La Guinée-Équatoriale franchit une étape majeure dans son ambition de modernisation et de rééquilibrage territorial avec Ciudad de la Paz, une capitale conçue pour rapprocher l’État de ses citoyens et renforcer l’ancrage continental du pays. Cette ville, née d’une vision stratégique initiée en 2008 par le président Teodoro Obiang, se distingue par son urbanisme moderne et ses infrastructures ambitieuses.
Située dans la province de Djibloho, non loin de l’aéroport de Mengomeyén, Ciudad de la Paz, anciennement Oyala, se dresse déjà avec ses tours contemporaines, son palais présidentiel et ses premiers immeubles institutionnels. Depuis le 3 janvier, cette cité est officiellement la capitale de la Guinée-Équatoriale, succédant à Malabo, l’ancienne capitale insulaire, limitée par son isolement et ses contraintes infrastructurelles. Le décret présidentiel officialise ainsi un transfert progressif des institutions et services publics, dans le but de mieux desservir l’ensemble du territoire et d’inscrire le pays dans une dynamique de développement équilibré.
Ce projet de capitale continentale répond à une logique stratégique et économique claire : rapprocher l’administration des centres d’activité comme Bata, faciliter l’accès aux services publics pour les citoyens, et créer un pôle administratif capable de soutenir la croissance démographique et l’expansion économique. Malabo, bien que riche en histoire, se trouve isolée sur l’île de Bioko et peine à absorber les besoins d’un État en mutation. Ciudad de la Paz vise donc à corriger ce déséquilibre tout en consolidant l’image internationale de la Guinée-Équatoriale.

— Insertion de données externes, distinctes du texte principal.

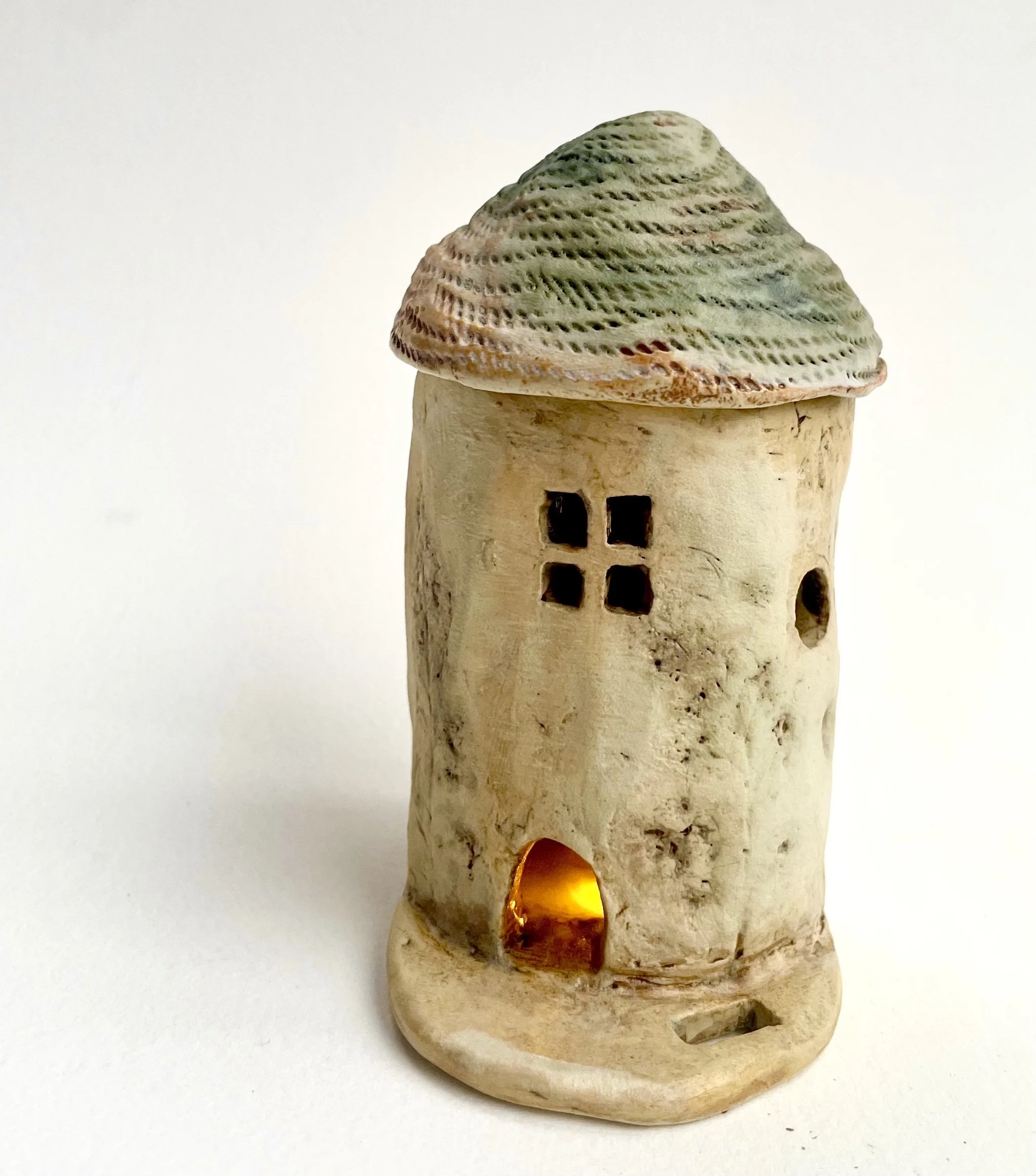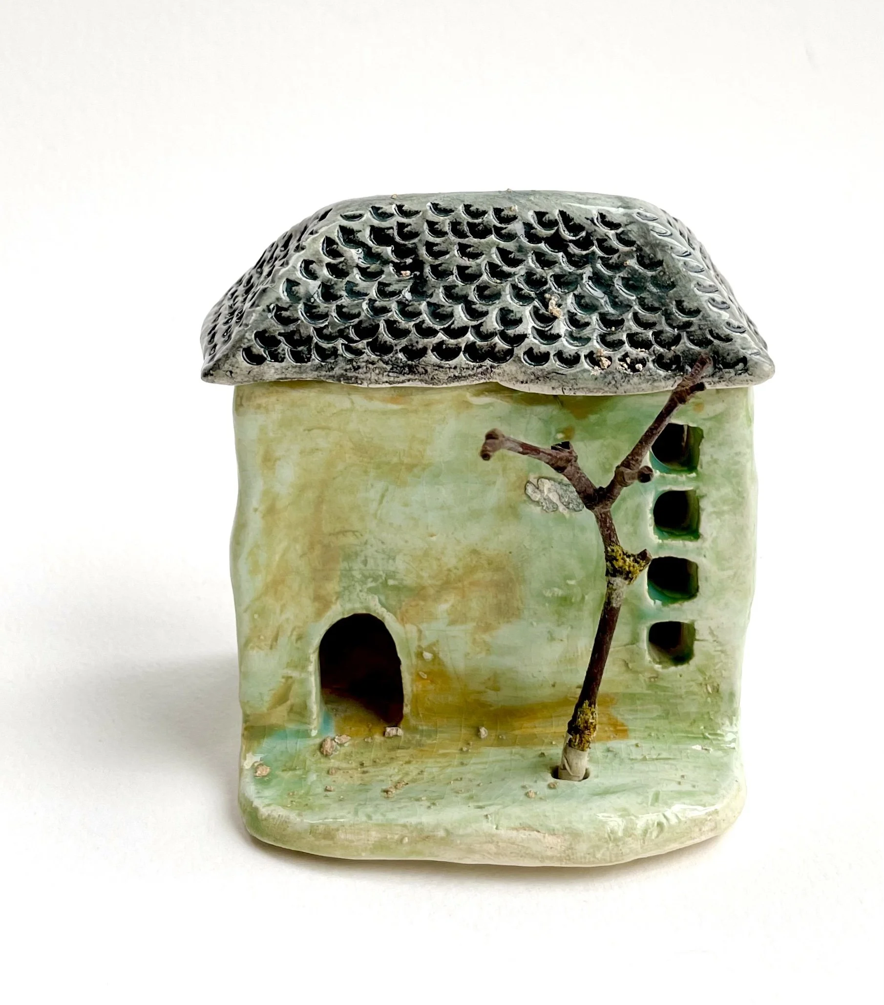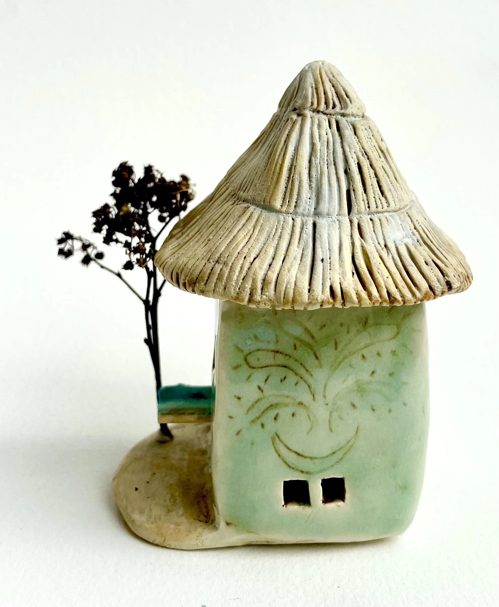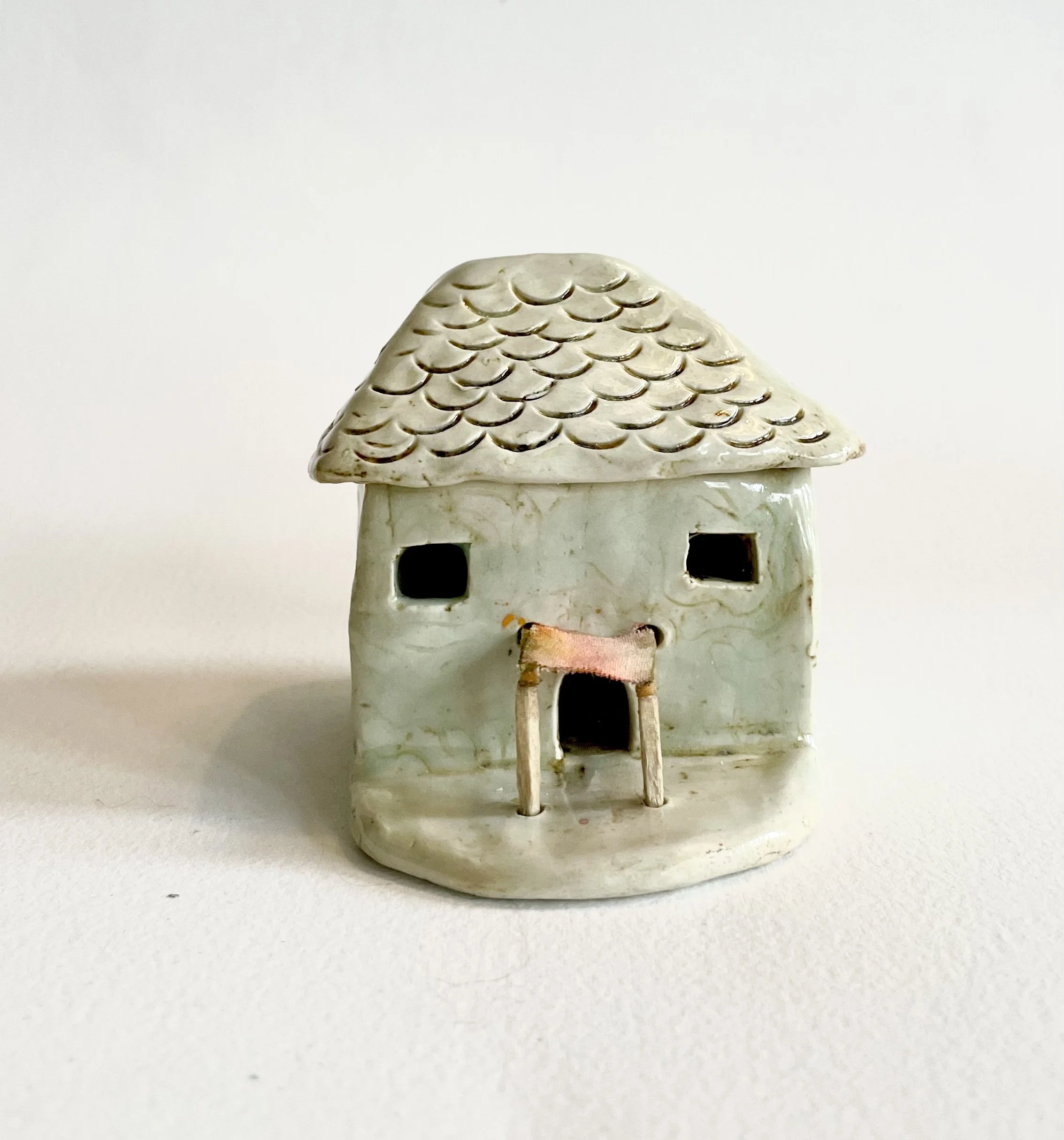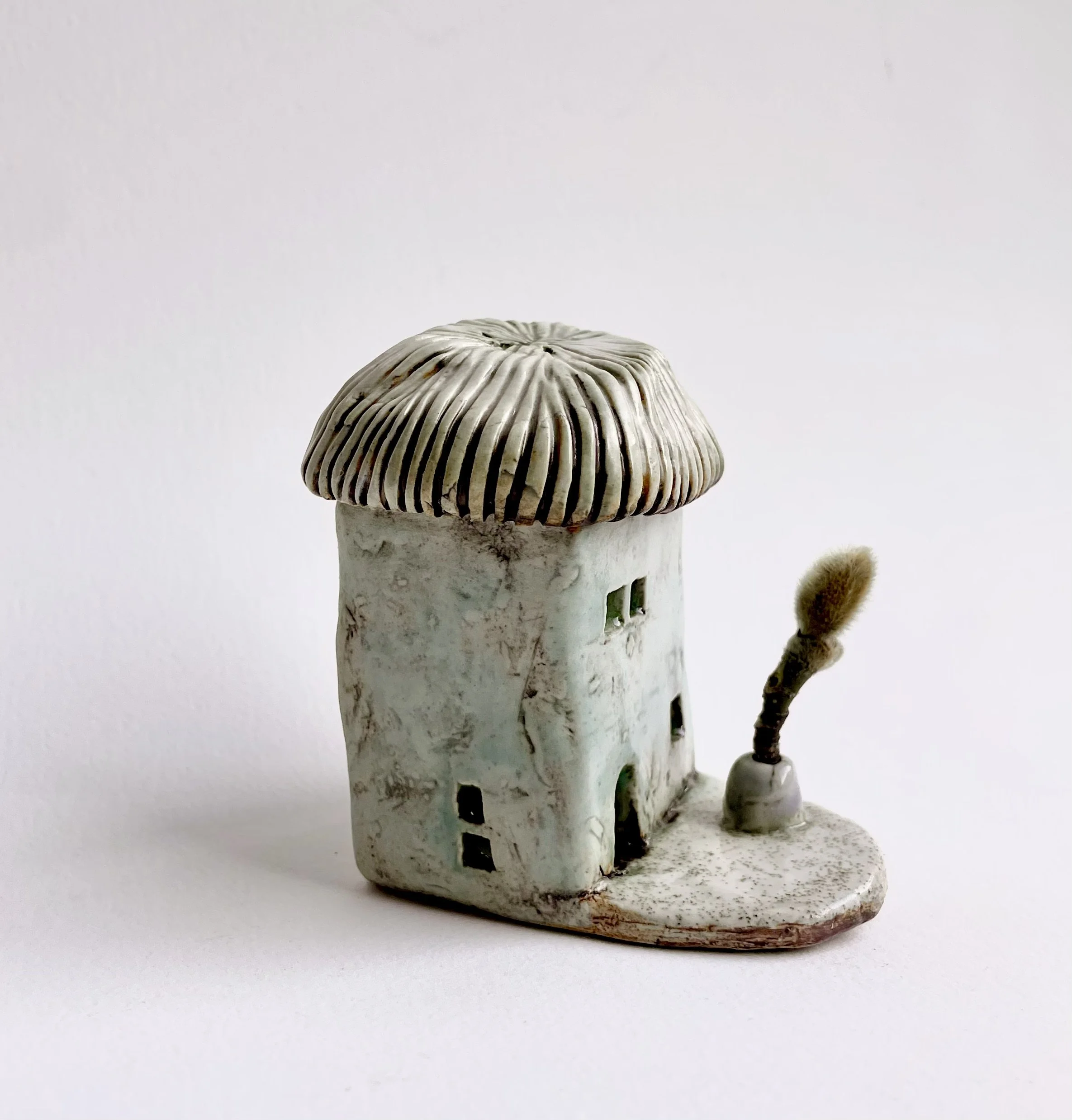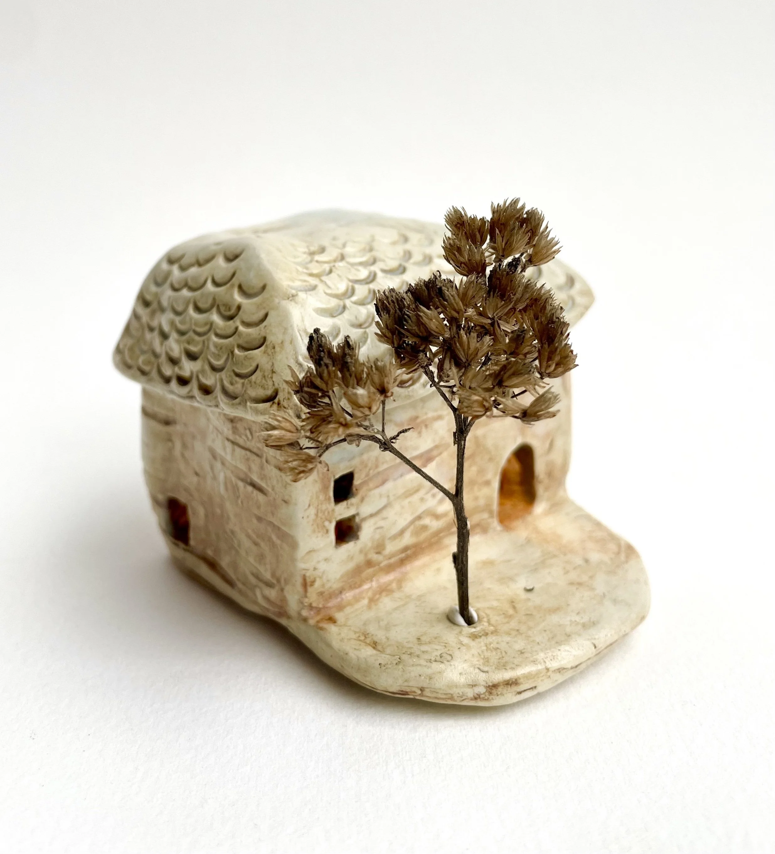 December village. My first forays into different shapes. Round cottages. Multi-level dwellings. I continued to learn and develop my use of glazes and textures.
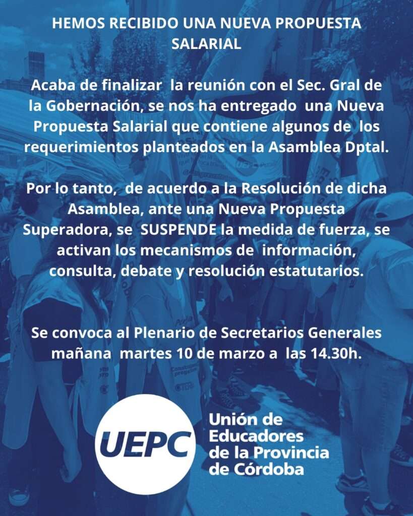 Se suspende el paro docente llamado para el miércoles 12 de marzo ante una nueva propuesta salarial del Gobierno de Córdoba que “contiene algunos de los requerimientos”, dijo UEPC. Este martes se reúnen en plenario las y los secretarios generales (14.30) y se activan los mecanismos de consulta con asambleas escolares, departamentales y la provincial resolutiva.
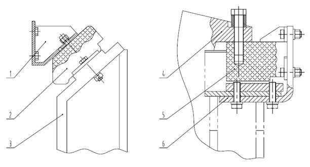 1、4-發(fā)動(dòng)機支腿 2、5-減震墊 3、6-固定座
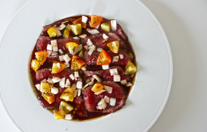 ↑ビューティーソイソース で牛肉のカルパッチョ
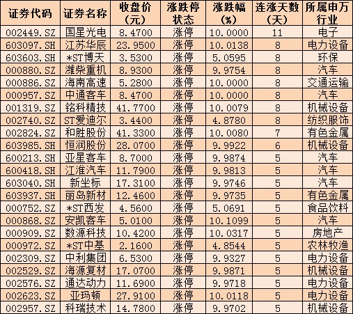 表:連續(xù)5日上漲且今日漲停股情況:
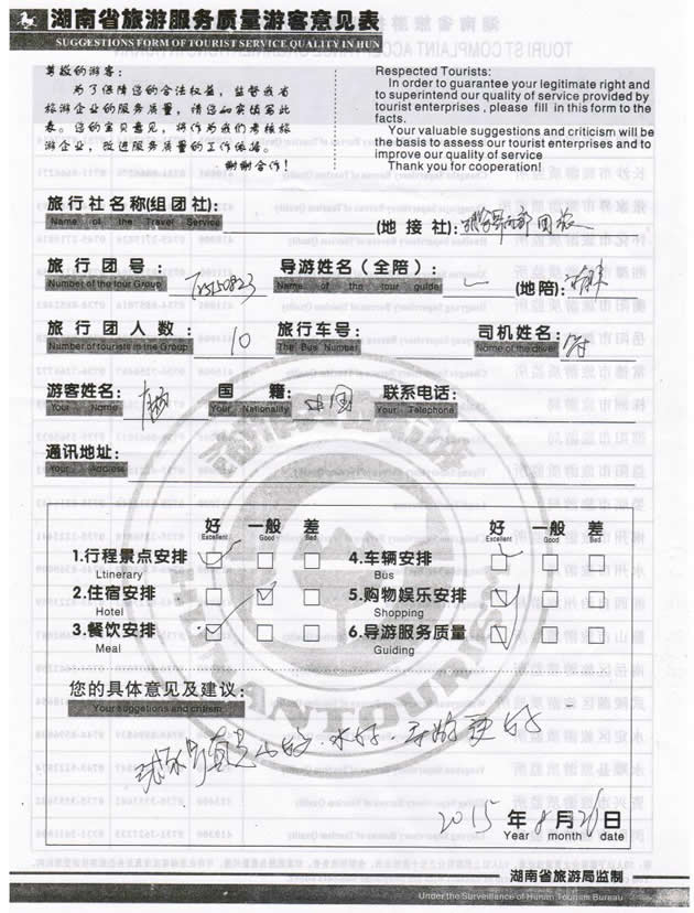 現(xiàn)在位置:首頁(yè) -> 西部國(guó)旅->旅游質(zhì)量反饋 -> 2015-8-23 江蘇肖女士一行10位貴賓 天門(mén)山、張家界、天子山、黃龍洞三日游
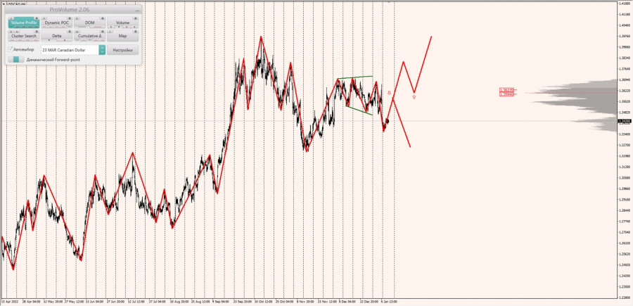 Долгосрочная тенденция: в шорт. Максимальное скопление объемов текущего контракта расположено в диапазоне по котировкам 1.35990-1.36270. В настоящий момент по паре совершаются инвестиционные операции ниже, указывая на силу продавцов.
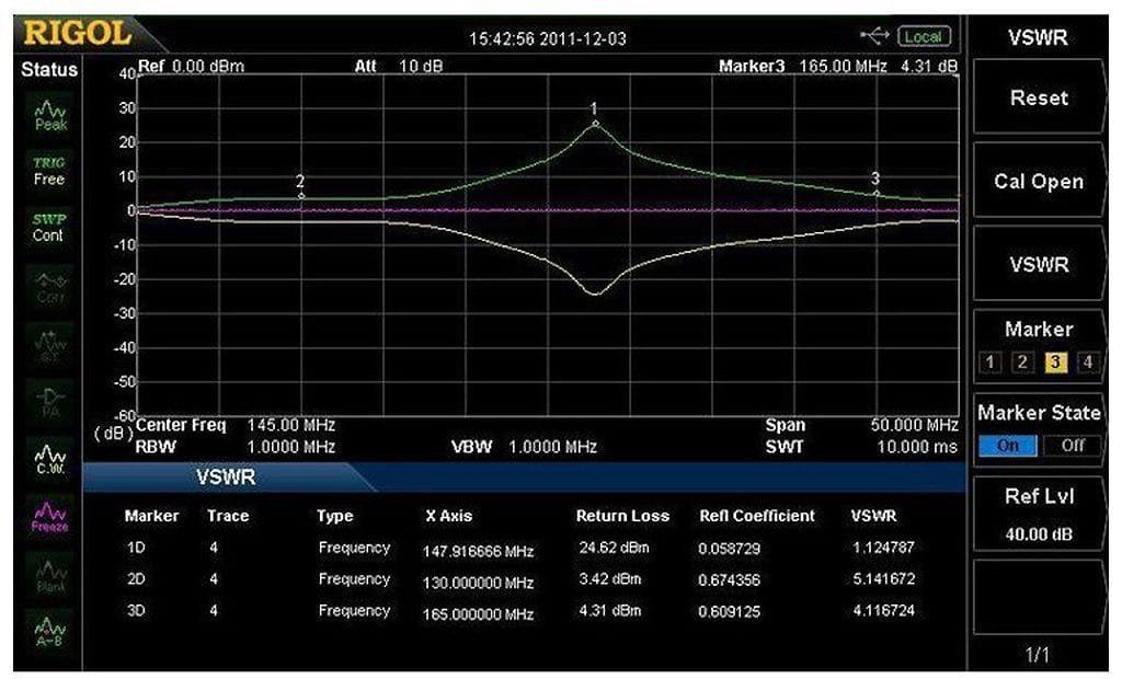VSWR-DSA800 option (if used together with the VB1020 and DSA800-TG options) provides measurement functions of S11-related specifications (such as the return loss, reflection coefficient and VSWR).
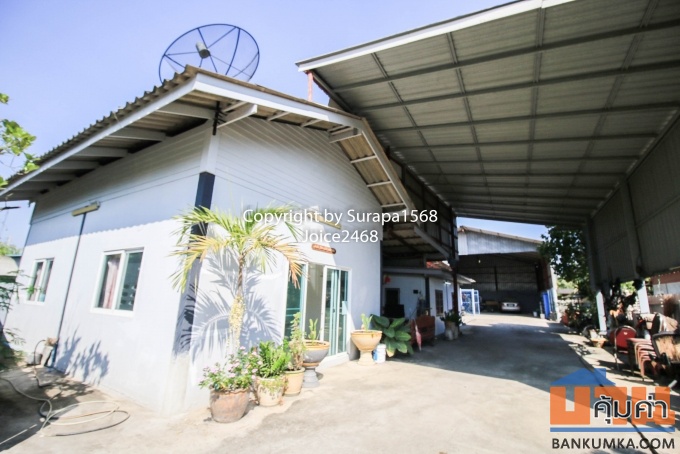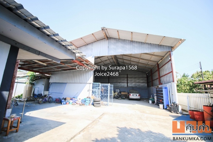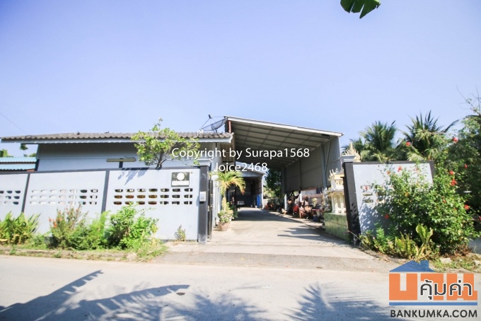 ขายที่ดิน พร้อมโกดัง และบ้านตึกชั้นเดียว 158.5 ตร.ว บ้านแพ้ว หลักสาม หลังมุม
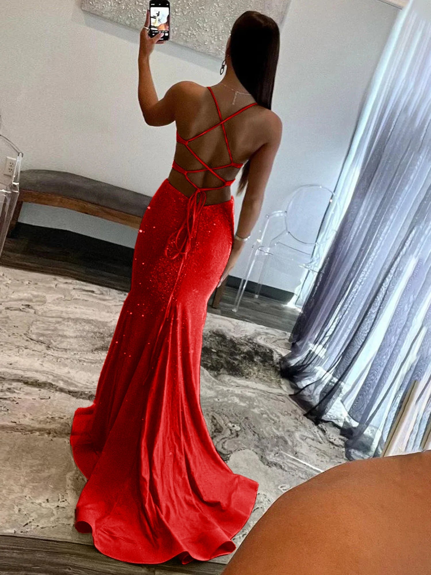 Radiate elegance and charm in this Sparkly Mermaid V Neck Yellow Sequins Prom Dress. This dress is designed in a flattering mermaid silhouette that hugs your figure with grace and glamour. A stylish choice suitable for both evening dresses and formal dresses. with its shimmering yellow sequin fabric adds a touch of dazzle. capturing the light with every movement. A deep V-neckline enhances the dress's allure. while the sleeveless design keeps it timeless and sophisticated. The lace-up back allows for a custom fit. adding a modern touch to this classic prom look. This dress combines elegance and sparkle for an unforgettable evening. perfect for making a statement!

Financée principalement par les revenus pétroliers, la ville ne cesse de se développer et accueille déjà des infrastructures clés telles qu’une université, un hôpital et des centres administratifs. Le transfert complet des institutions gouvernementales est prévu dans l’année, un défi de taille pour cette métropole en plein essor, mais qui symbolise l’ambition d’une Guinée-Équatoriale moderne, connectée et fonctionnelle. Avec une capacité prévue pour 200 000 habitants, Ciudad de la Paz se profile comme un centre politique, administratif et économique de premier plan, prêt à inscrire le pays dans le XXIᵉ siècle.